東日本大震災により被害を受けられた皆様に,心からお見舞いを申し上げます。
地元の新聞である山陽新聞で,次のような記事を目にしました(2011年11月10付山陽新聞掲載の記事より)。
「『ヤミ金逃れ刑務所行きたかった』コンビニ強盗で起訴の男供述
コンビニで現金3万8千円を奪い,強盗罪などで起訴された高知県生まれ,住所不定,無職の被告(36)が,『ヤミ金融の取り立てから逃れるため,六法全書を読んだ結果,強盗をして刑務所に行くしかないと考えた』と供述していることが9日分かった。
岡山地裁で同日開かれた初公判で,岡山地検が明らかにした。
被告は9月19日午前5時半ごろ,岡山市北区表町のコンビニで,店員に包丁を突き付けて『強盗じゃ,金を出してくれ』と脅し,レジの現金を奪ったとされる。
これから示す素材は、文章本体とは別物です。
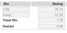 - Btw: Dit overzicht geeft de totalen van de boeking voor elke btw percentage weer. Dit overzicht is puur informatief en wordt berekend door het systeem. Het komt voor dat de btw berekening door het systeem als gevolg van afrondingsverschillen niet overeenstemt met de btw berekening op de boekstukken. In het veld "Restant" blijft dan na het invoeren van de boekingsregels een verschil van één of enkele centen staan. Dit verschil kan vereffend worden door op de button Vereffenen te klikken. Wanneer het btw bedrag op de factuur meer dan 0.02 afwijkt van het bedrag dat het systeem heeft berekend, klik dan op het "slot" achter het btw-bedrag om het btw bedrag te corrigeren.
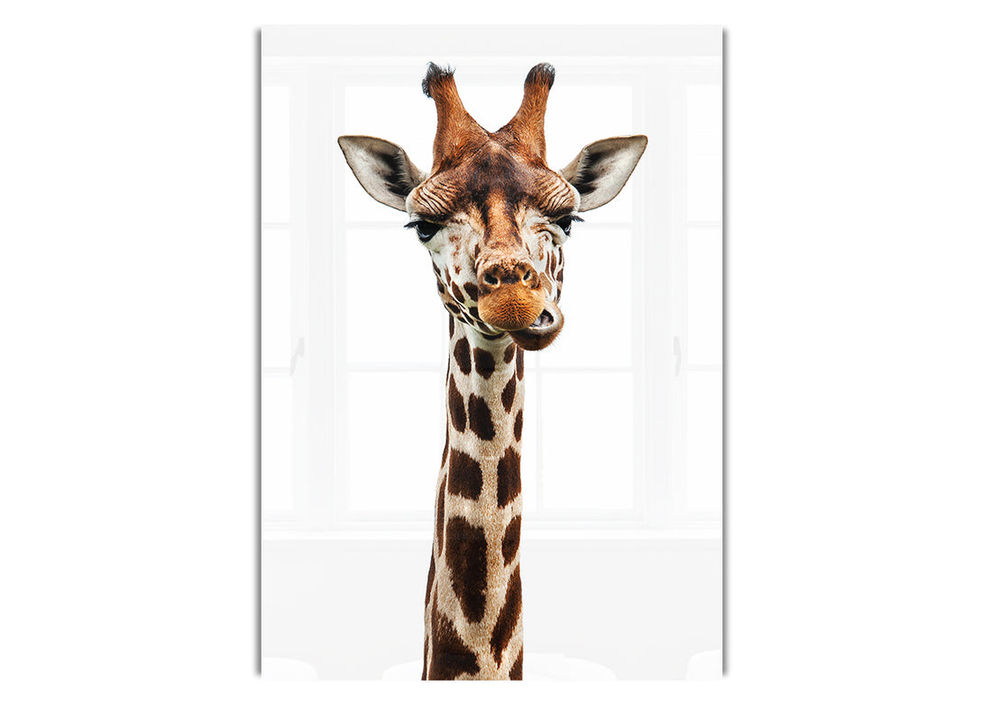 Goofy Giraffe acrylic print, UV printed onto 5mm thick acrylic glass. Comes with everything you need to hang on your wall.
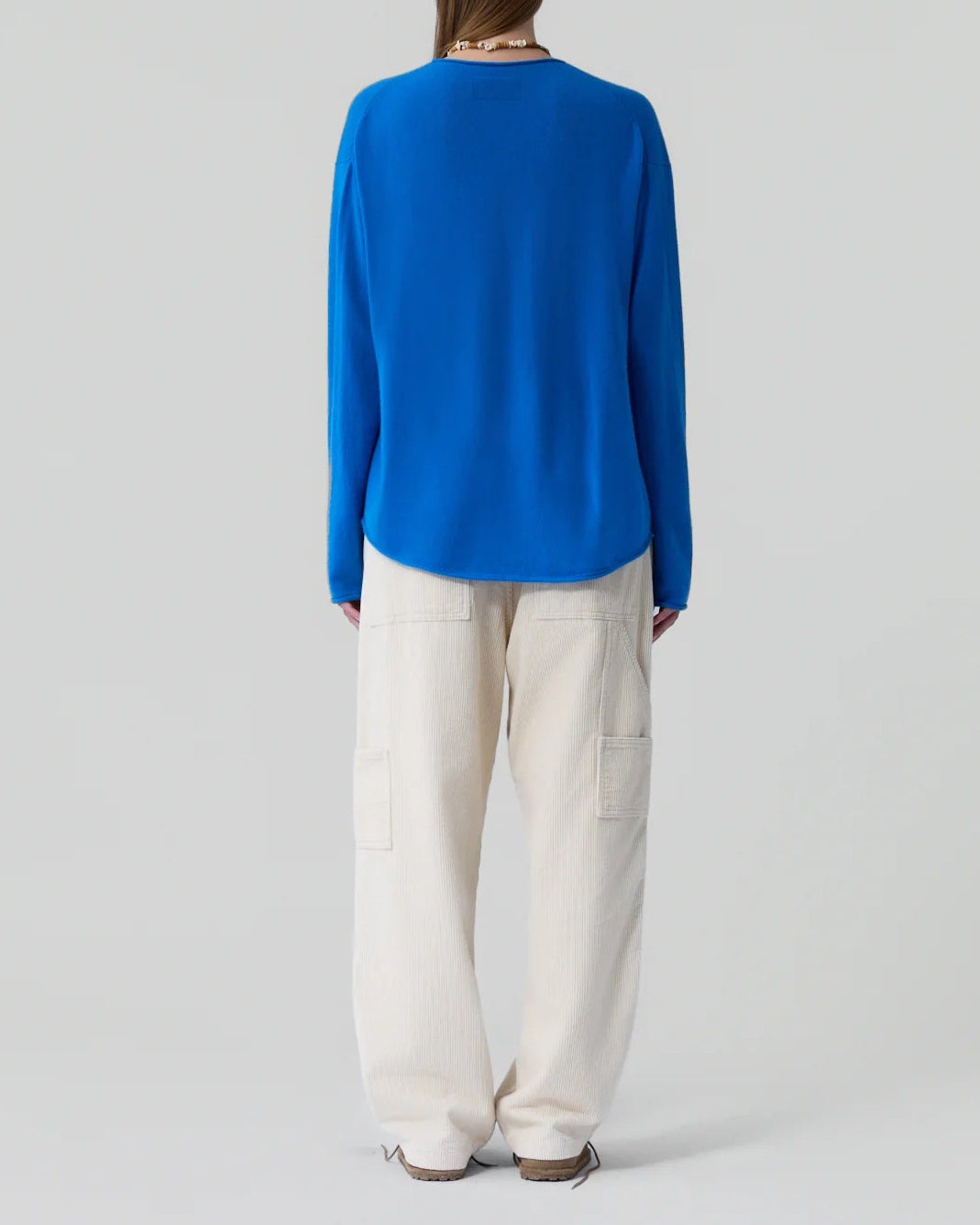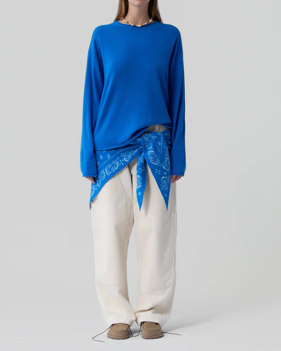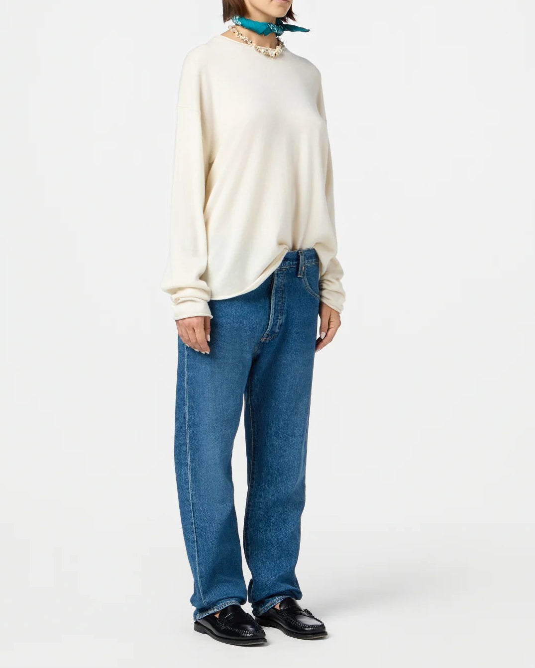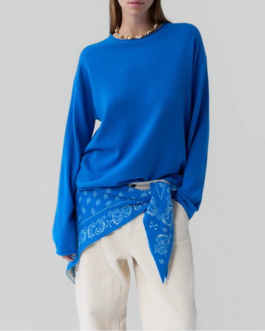 The Guest in Residence signature Oversized Crew, made of 100% cashmere is designed for both men and women. This unisex sweater features a classic crew neck and is crafted from the finest cashmere fibers, ensuring a soft and cozy feel against your skin. The oversized fit allows for a comfortable and relaxed look.
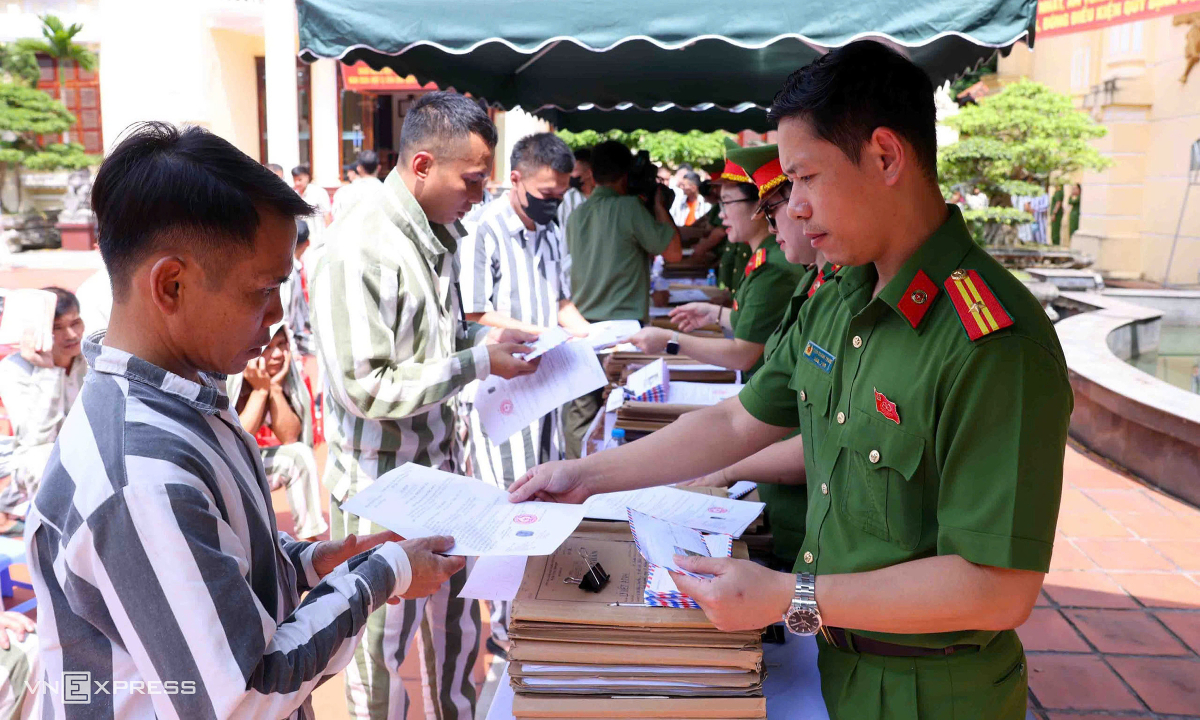 Phạm nhân trại giam Phú Sơn 4, Thái Nguyên nhận tiền hỗ trợ đi lại, trả lại tiền lưu ký, tiền ký gửi còn thừa khi được đặc xá dịp 2/9/2025. Ảnh: Phạm Dự

」
地検の冒頭陳述などによると,被告は18歳のころからパチスロなどにのめり込み,今年6月にはヤミ金融などへの借金が数千万円に膨らんだ。取り立てから逃れて9月に岡山に来たが,犯行前日には所持金が千円に。
このため書店に立ち寄り,六法全書を読んで現金が手に入る犯罪を確認。逮捕されても刑務所に行くことができると考え,犯行を決意したという。
被告人質問で被告は,『店員に『金を返せばなかったことにする』と説得されたが,捕まるのが目的だったので通報するように伝えた』と説明。『(逮捕で)拘束されて落ち着いた。いろいろ反省して今後を考えたい』と述べた。被告はこの日,懲役4年6月を求刑された。」
このような事件が起きるということは,司法へのアクセス障害,アクセス認識の問題が社会では未だ大きいことを示していると思います。この被告人が事件を起こす前に弁護士のところに相談に来られていたら,弁護士からヤミ金融に連絡をして,それで取り立ては止まり,そこで問題は解決されていたはずなのです。その意味で,とても不幸な事件です。
法律家は人助けをするのが仕事なのに,社会で困られているすべての方々を救うことができていないのだ,と感じる記事でした。
このような方が出ないように,より分かりやすい法律の本,法律家による解説,報道などが今後も必要なのだと思います。このブログもそのようなお手伝いができるような記事を書いていくことができれば,と思っています。